The qinqin (秦琴; pinyin: qínqín; Vietnamese: Đàn sến) is a plucked Chinese lute. It was originally manufactured with a wooden body, a slender fretted neck, and three strings. Its body can be round, hexagonal (with rounded sides), or octagonal. Often, only two strings were used, as in certain regional silk-and-bamboo ensembles. In its hexagonal form (with rounded sides), it is also referred to as meihuaqin (梅花琴, literally "plum blossom instrument").

The qinqin is particularly popular in southern China: in Guangdong, Hong Kong and Macau. A similar instrument, the two-stringed đàn sến, has been adapted from the qinqin for use in the traditional music of southern Vietnam.

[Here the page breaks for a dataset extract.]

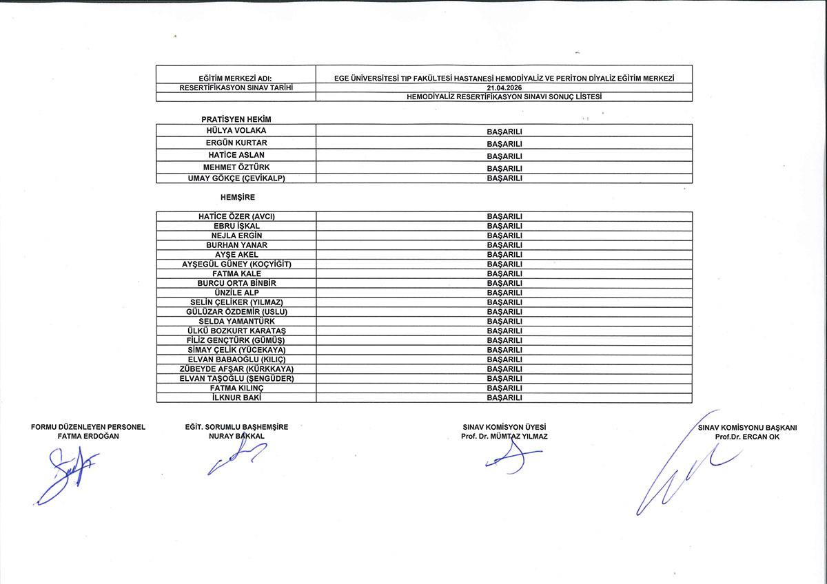 Ege Üniversitesi Tıp Fakültesi Hastanesi tarafından 21.04.2026 tarihinde düzenlenen Hemodiyaliz Hekimliği, Hemodiyaliz Hemşireliği ve Periton Diyaliz Hemşireliği Resertifikasyon Sınavı Sonuçları

The frets on all Chinese lutes are high so that the fingers never touch the fretboard itself—distinctively different from western fretted instruments. This allows for a greater control over timbre and intonation than their western counterparts, but makes chordal playing more difficult.

There are two varieties of qinqins in modern China: the "traditional" version, characterized by "tall" Chinese-style frets (see photo), and the "modern" version, which uses fret wire instead. The modern version also closely resembles a banjo in that its body shape is usually round and includes a drum head made most often of sheep skin or python skin. The modern version also usually comes with three strings.
The fret spacing used on the qinqin is not the same as on Western instruments such as the guitar or banjo, so the notes do not correspond to the 12TET (12-tone equal temperament) system. Unlike the pipa (and some other Chinese instruments), the fretboards of most models of qinqins have not been modernized to support the 12TET standard. As a result, many of the notes appear to Western listeners to be off (either sharp or flat) by about a quarter tone (half a semitone).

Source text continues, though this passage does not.